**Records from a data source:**
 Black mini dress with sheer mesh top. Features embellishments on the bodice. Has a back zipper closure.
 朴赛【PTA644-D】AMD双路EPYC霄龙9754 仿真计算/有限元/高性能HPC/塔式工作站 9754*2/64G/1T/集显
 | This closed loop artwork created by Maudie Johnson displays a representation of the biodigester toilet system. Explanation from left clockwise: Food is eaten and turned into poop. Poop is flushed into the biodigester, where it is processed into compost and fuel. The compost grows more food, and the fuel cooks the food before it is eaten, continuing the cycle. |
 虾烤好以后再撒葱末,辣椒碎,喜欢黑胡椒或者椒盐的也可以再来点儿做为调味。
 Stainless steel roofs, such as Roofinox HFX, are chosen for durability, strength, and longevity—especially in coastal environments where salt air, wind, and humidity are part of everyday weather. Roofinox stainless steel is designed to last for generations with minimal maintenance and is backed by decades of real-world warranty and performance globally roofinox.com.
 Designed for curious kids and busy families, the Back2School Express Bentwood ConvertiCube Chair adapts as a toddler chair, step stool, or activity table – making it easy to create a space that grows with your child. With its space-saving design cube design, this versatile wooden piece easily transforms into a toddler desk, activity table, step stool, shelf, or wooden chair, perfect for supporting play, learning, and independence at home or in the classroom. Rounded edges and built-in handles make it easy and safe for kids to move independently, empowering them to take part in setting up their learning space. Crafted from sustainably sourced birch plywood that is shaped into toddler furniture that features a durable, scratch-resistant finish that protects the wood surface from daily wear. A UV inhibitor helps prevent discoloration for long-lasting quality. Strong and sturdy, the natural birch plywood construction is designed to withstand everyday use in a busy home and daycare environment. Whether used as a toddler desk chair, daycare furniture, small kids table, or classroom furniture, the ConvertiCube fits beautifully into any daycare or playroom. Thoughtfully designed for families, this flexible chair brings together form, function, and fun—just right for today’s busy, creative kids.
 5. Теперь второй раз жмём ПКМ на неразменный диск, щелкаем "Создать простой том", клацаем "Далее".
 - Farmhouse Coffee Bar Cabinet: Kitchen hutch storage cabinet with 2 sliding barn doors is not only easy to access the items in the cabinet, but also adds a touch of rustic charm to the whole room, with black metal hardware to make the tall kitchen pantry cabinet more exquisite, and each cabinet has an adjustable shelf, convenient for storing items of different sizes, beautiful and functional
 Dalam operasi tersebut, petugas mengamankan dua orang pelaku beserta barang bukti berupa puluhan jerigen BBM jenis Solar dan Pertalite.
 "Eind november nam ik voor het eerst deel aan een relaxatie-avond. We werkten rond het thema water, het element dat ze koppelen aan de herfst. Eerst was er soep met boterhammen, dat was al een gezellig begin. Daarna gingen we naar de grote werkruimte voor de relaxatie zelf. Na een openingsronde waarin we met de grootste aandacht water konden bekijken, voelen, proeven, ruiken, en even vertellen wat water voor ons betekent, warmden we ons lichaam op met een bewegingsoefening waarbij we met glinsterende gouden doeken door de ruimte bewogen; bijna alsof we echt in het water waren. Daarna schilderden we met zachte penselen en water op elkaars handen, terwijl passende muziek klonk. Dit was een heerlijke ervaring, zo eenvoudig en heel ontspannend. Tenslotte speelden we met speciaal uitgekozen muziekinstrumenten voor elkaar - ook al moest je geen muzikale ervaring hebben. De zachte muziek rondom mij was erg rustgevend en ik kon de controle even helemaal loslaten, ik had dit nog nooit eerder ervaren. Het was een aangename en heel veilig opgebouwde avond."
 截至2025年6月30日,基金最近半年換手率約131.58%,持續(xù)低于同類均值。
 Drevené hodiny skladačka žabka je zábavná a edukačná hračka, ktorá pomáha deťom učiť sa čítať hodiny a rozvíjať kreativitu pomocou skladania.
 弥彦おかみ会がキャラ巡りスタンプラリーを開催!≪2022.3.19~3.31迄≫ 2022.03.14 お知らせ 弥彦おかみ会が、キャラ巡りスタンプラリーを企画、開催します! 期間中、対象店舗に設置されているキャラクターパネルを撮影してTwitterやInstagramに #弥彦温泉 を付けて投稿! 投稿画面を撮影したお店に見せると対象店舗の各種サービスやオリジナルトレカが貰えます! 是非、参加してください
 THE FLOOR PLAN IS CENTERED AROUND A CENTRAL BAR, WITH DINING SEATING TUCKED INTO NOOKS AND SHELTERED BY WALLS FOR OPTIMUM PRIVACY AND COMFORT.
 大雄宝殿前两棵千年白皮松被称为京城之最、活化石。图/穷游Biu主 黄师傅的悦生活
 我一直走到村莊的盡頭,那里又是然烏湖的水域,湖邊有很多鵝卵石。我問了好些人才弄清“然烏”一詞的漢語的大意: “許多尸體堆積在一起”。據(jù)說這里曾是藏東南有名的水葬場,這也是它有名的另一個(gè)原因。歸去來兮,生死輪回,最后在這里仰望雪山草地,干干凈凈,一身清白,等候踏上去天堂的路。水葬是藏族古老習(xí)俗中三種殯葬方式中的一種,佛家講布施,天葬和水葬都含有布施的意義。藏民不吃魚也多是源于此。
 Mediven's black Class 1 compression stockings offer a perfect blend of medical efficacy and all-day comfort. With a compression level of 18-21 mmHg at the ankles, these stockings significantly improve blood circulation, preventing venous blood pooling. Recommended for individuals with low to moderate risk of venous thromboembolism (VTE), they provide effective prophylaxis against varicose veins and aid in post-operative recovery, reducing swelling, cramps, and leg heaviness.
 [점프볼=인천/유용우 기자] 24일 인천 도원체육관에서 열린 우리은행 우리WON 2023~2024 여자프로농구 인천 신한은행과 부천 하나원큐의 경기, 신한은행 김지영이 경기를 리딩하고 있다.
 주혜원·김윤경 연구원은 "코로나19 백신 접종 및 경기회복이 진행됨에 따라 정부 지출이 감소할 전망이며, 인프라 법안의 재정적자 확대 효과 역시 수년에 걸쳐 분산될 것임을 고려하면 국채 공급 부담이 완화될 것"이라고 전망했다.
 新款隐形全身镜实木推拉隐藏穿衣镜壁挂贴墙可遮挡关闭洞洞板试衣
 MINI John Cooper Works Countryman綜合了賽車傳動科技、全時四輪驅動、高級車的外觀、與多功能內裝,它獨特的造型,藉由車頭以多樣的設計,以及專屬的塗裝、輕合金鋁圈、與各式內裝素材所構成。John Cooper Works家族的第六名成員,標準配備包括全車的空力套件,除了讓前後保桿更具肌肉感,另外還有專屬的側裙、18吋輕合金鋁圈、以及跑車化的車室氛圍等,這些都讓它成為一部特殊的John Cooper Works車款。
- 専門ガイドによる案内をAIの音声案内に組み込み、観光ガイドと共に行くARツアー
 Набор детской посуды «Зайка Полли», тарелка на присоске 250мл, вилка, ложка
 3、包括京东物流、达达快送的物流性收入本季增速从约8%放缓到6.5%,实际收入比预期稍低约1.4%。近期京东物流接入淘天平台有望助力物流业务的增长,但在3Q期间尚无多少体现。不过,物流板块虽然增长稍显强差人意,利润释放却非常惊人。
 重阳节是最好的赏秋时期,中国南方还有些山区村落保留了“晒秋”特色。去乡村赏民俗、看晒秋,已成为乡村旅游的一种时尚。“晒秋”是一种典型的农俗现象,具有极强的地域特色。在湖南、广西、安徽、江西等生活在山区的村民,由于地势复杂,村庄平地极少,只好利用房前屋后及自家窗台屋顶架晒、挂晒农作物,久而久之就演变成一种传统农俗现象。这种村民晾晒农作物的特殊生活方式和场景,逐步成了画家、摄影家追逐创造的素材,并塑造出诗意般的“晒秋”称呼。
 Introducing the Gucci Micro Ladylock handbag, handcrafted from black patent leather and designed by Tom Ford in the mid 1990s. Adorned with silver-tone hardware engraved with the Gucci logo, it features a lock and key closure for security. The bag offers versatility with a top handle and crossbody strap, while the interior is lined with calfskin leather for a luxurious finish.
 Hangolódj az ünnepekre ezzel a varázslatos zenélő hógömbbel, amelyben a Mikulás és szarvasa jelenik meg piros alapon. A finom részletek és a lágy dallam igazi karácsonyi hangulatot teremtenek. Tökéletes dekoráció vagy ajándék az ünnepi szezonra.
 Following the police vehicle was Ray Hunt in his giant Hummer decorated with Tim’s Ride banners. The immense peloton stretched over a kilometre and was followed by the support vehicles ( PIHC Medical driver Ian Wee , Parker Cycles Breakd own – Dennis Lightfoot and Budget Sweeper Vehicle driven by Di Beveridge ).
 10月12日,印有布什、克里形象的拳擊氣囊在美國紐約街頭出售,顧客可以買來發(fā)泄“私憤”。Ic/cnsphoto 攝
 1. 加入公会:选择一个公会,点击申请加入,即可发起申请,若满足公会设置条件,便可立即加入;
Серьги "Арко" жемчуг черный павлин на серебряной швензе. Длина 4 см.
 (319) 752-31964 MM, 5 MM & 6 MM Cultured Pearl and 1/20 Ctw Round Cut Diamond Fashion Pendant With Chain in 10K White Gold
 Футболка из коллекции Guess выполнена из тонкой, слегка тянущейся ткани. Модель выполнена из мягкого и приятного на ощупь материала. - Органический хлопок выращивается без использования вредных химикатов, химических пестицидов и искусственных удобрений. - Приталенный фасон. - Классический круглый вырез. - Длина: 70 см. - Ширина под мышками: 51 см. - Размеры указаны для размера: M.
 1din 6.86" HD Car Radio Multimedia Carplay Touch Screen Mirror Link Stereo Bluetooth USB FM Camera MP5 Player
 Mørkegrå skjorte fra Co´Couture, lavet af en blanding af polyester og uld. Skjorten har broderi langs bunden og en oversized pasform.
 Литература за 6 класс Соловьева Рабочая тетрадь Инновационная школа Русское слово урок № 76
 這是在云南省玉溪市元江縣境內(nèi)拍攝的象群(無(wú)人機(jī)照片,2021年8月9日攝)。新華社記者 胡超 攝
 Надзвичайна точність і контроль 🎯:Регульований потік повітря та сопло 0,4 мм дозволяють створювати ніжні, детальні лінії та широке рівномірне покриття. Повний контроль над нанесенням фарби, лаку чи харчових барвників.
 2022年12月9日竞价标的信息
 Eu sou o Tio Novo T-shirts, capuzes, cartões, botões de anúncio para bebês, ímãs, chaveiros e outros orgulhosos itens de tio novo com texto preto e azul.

**Work instruction:**
Exactly as they appear above, output the lines of the data from the first through the one that contains "Stainless steel roofs, such", and only those lines.

**Written answer:**
 Black mini dress with sheer mesh top. Features embellishments on the bodice. Has a back zipper closure.
 朴赛【PTA644-D】AMD双路EPYC霄龙9754 仿真计算/有限元/高性能HPC/塔式工作站 9754*2/64G/1T/集显
 | This closed loop artwork created by Maudie Johnson displays a representation of the biodigester toilet system. Explanation from left clockwise: Food is eaten and turned into poop. Poop is flushed into the biodigester, where it is processed into compost and fuel. The compost grows more food, and the fuel cooks the food before it is eaten, continuing the cycle. |
 虾烤好以后再撒葱末,辣椒碎,喜欢黑胡椒或者椒盐的也可以再来点儿做为调味。
 Stainless steel roofs, such as Roofinox HFX, are chosen for durability, strength, and longevity—especially in coastal environments where salt air, wind, and humidity are part of everyday weather. Roofinox stainless steel is designed to last for generations with minimal maintenance and is backed by decades of real-world warranty and performance globally roofinox.com.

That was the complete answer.